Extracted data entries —
━━━━━━━━━━━━━━━━

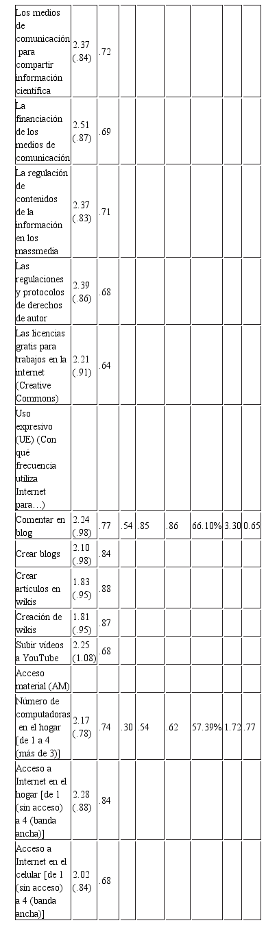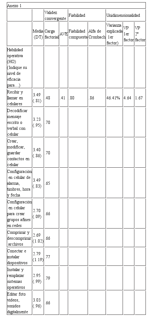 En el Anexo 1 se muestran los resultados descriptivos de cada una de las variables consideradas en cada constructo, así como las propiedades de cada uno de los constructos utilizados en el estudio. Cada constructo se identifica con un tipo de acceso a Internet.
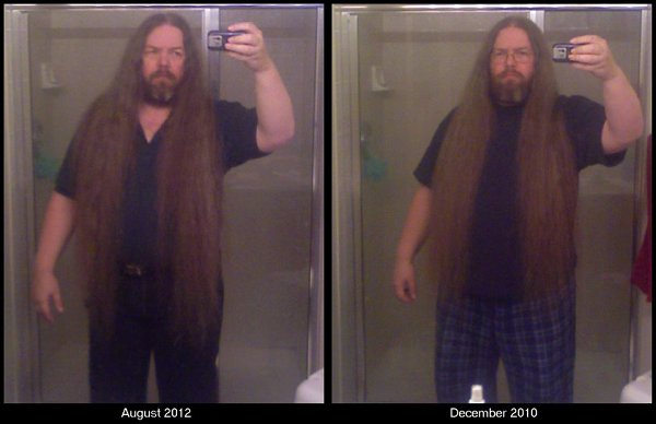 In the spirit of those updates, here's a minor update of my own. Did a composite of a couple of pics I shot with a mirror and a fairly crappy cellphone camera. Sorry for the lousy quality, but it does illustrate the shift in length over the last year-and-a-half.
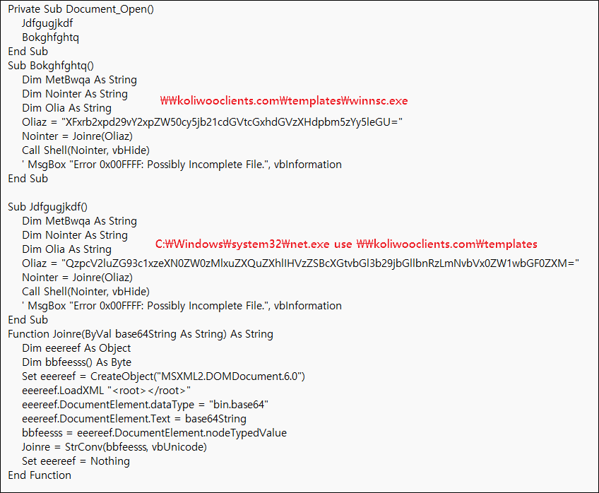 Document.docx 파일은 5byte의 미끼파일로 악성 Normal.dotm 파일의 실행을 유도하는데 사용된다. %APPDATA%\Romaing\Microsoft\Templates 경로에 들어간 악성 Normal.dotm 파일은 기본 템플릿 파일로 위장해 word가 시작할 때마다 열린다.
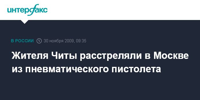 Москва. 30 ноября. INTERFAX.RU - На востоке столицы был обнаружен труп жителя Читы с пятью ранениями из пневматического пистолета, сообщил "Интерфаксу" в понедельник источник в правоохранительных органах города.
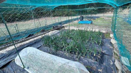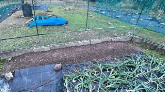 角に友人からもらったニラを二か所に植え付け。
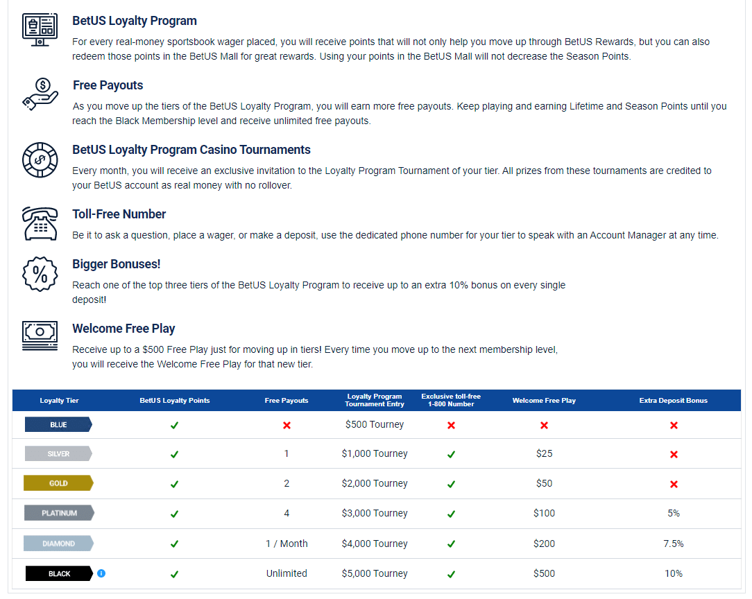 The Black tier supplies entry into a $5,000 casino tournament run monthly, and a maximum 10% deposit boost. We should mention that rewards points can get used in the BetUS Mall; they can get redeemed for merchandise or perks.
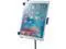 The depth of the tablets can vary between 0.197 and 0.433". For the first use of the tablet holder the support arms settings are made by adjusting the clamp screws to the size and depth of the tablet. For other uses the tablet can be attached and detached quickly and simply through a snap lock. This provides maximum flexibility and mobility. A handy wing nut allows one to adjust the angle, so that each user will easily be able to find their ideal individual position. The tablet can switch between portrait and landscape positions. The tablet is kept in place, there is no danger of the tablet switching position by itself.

━━━━━━━━━━━━━━━━

The problem — Your answer must be the entries repeated exactly, with no pictures.

Final answer —
 En el Anexo 1 se muestran los resultados descriptivos de cada una de las variables consideradas en cada constructo, así como las propiedades de cada uno de los constructos utilizados en el estudio. Cada constructo se identifica con un tipo de acceso a Internet.
 In the spirit of those updates, here's a minor update of my own. Did a composite of a couple of pics I shot with a mirror and a fairly crappy cellphone camera. Sorry for the lousy quality, but it does illustrate the shift in length over the last year-and-a-half.
 Document.docx 파일은 5byte의 미끼파일로 악성 Normal.dotm 파일의 실행을 유도하는데 사용된다. %APPDATA%\Romaing\Microsoft\Templates 경로에 들어간 악성 Normal.dotm 파일은 기본 템플릿 파일로 위장해 word가 시작할 때마다 열린다.
 Москва. 30 ноября. INTERFAX.RU - На востоке столицы был обнаружен труп жителя Читы с пятью ранениями из пневматического пистолета, сообщил "Интерфаксу" в понедельник источник в правоохранительных органах города.
 角に友人からもらったニラを二か所に植え付け。
 The Black tier supplies entry into a $5,000 casino tournament run monthly, and a maximum 10% deposit boost. We should mention that rewards points can get used in the BetUS Mall; they can get redeemed for merchandise or perks.
 The depth of the tablets can vary between 0.197 and 0.433". For the first use of the tablet holder the support arms settings are made by adjusting the clamp screws to the size and depth of the tablet. For other uses the tablet can be attached and detached quickly and simply through a snap lock. This provides maximum flexibility and mobility. A handy wing nut allows one to adjust the angle, so that each user will easily be able to find their ideal individual position. The tablet can switch between portrait and landscape positions. The tablet is kept in place, there is no danger of the tablet switching position by itself.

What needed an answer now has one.